Comey and Trump: What a strange series of encounters

testimony

Have you read James Comey’s prepared remarks for the start of tomorrow’s hearing? (You can read them over at the NYT site.)

Basically, the statement consists of Comey’s bare-bones account of his uncomfortable interactions with Donald Trump in the months leading up to his firing.

Some bits and pieces:

  • He notes that he decided from the start that he would keep detailed notes on these encounters, starting with writing them on a laptop in his car outside Trump Tower immediately after their first meeting.comey mug
  • That was NOT anything he had felt compelled to do working for Barack Obama.
  • In his years working for Obama, he had only met with the president alone twice — the second time just for the president to say goodbye before leaving office — and never spoken with him alone on the phone. But “I can recall nine one-on-one conversations with President Trump in four months – three in person and six on the phone.” And each one he tells about seems to have made him quite uncomfortable.
  • Even as Comey tried to sidestep the question, Trump asked him repeatedly for his fealty at a private dinner on Jan. 27: “I need loyalty. I expect loyalty.” As Comey relates, “I didn’t move, speak, or change my facial expression in any way during the awkward silence that followed. We simply looked at each other in silence. The conversation then moved on, but he returned to the subject near the end of our dinner.”
  • When, on Valentine’s Day, Trump asked Comey to back off Mike Flynn, saying “He is a good guy and has been through a lot,” Comey again tried to get through the conversation without compromising himself or his investigation: “I replied only that ‘he is a good guy.’ (In fact, I had a positive experience dealing with Mike Flynn when he was a colleague as Director of the Defense Intelligence Agency at the beginning of my term at FBI.) I did not say I would ‘let this go.'”
  • In a conversation on April 11 that sounds like something from “The Sopranos,” Trump appears to make another appeal for loyalty, saying “I have been very loyal to you, very loyal; we had that thing you know.” Comey, with typical understatement, simply notes: “I did not reply or ask him what he meant by ‘that thing.'”

Comey is sparing in his observations, but is clearly disconcerted by these conversations with a boss who has no understanding whatsoever of boundaries or propriety. It’s like reading the account of a very careful, methodical professional who feels trapped in bizarre situations with some volatile, outlandish creature who cannot be expected to act according to the normal patterns of civilized human behavior, like Jabba the Hutt or Baron Harkonnen.

When the account ends with “That was the last time I spoke with President Trump,” one imagines a huge sigh of relief.

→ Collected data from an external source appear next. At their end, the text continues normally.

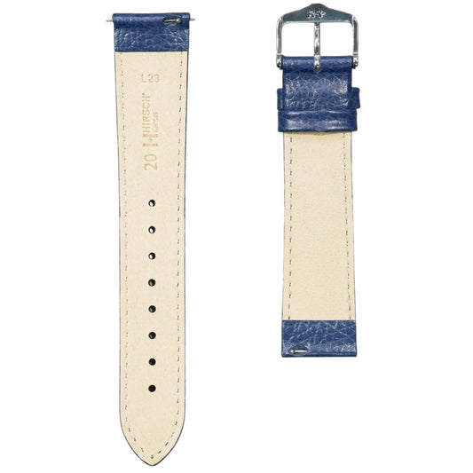 Hirsch KANSAS Buffalo Embossed Calf Leather Watch Strap in Blue
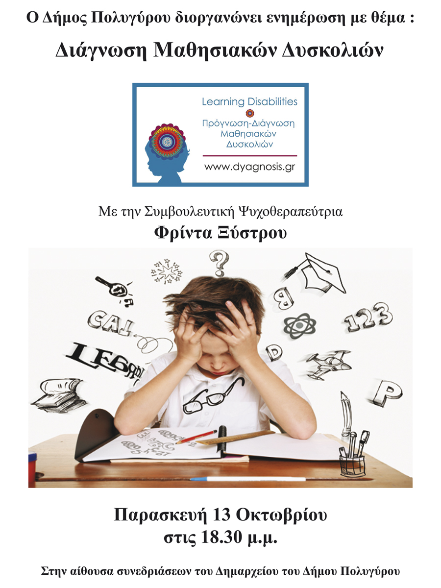 Ενημέρωση με θέμα «Διάγνωση Μαθησιακών δυσκολιών» οργανώνει ο Δήμος Πολυγύρου με τη συνεργασία της Συμβουλευτικής Ψυχοθεραπεύτριας, Φρίντας Ξύστρου, την Παρασκευή 13 Οκτωβρίου 2017, στις 18:30, στην αίθουσα συνεδριάσεων του Δημοτικού Συμβουλίου Πολυγύρου, στο Δημαρχείο.
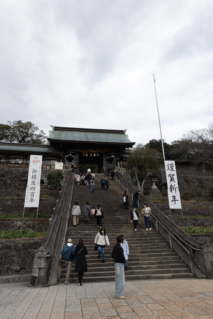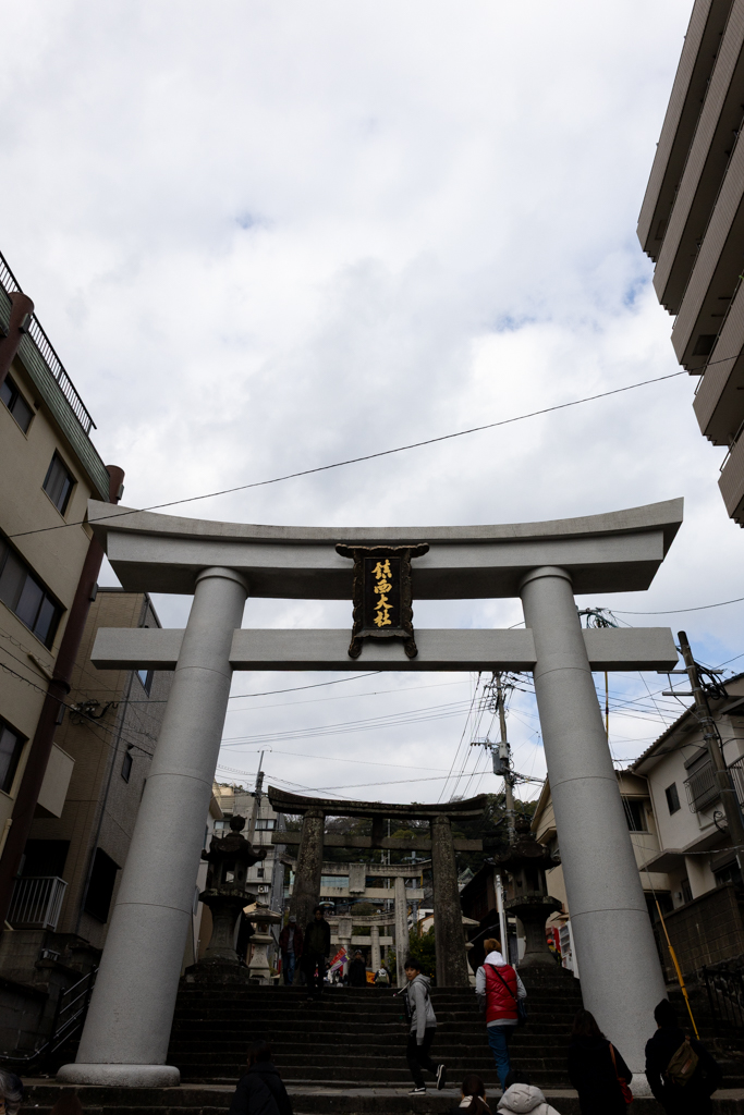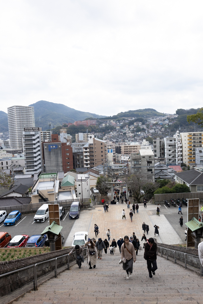 たまに高校の帰り道でも通っていたこのお諏訪さん、いつ来ても懐かしい。特に階段を登り切った本殿辺りからの眺めは最高だ。それにしてもこの時期はやはり人が多い。
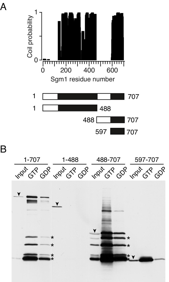 ,全长Sgm1及488-707、597-707片段可优先结合Ypt6的GTP活化形式,而1-488片段无结合活性,说明Sgm1的C端卷曲螺旋域(597-707氨基酸)是Ypt6的结合位点。产品关联:文献未提及具体实验产品,领域常规使用GST融合蛋白表达系统、Protein A标签免疫检测试剂、免疫印迹相关试剂等。
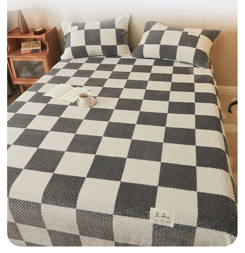 早晨家纺 2025新款豆豆款高克重牛奶绒菠萝格无印风床单 豆豆绒-大格橙

Comey doesn’t make value judgments, except for dryly indicating that he had never felt the need to keep a record of his conversations with a president before. But the whole account sounds like a man holding himself back from saying, “WTF?”

2 thoughts on “Comey and Trump: What a strange series of encounters

  1. Mark Stewart

    My second favorite part – after the demand for loyalty – was the way Trump said unprompted that he had not been with “hookers in Russia” as so described in the Dossier. That set off post-Bill Clinton alarm bells to me. There was just something in the narrowness of the protestation that was off – and remarkable. Like that was the best he could do to refute the allegations in the Dossier, even with someone he believed he had a “thing” with/between – or was trying to insinuate there was such a “thing”? Or also that maybe the liaison had happened but he didn’t believe they were “hookers” or that maybe it didn’t happen “in Russia” specifically (like Ukraine or Belarus or NYC)?

    It was just bizarre – and apparent that this Dossier is in fact a major distraction for Trump personally; as if his need to seek assurances he is not under investigation is related to this Dossier maybe first and foremost?

    The other thing it says to me is that the FBI may not be investigating Trump at this point, because the FBI pursues crimes committed in the United States, but the fact that Comey has chosen to include these details of his interactions with Trump around the Dossier – with more specificity than he seems to give to other topics within his testimony (other than the President’s pressure about loyalty and the Michael Flynn requests) – would lead me to presume that these references to something not considered criminal/actionable by the FBI do, in fact, deserve investigation by appropriate bodies in other non-criminal areas; in Comey’s professional estimation. It feels like Comey is practically screaming listen as much to what I do NOT say as to what I do say in this testimony!

    Reply
    1. bud

      I’m not sure we should read a whole lot into these dossier comments. This could mean anything or nothing. I think it’s likely the whole hookers story is absolutely true. I also think it likely it is a pants on fire lie. Trump is such a uniquely bizarre individual that trying to interpret his words is really an exercise in futility.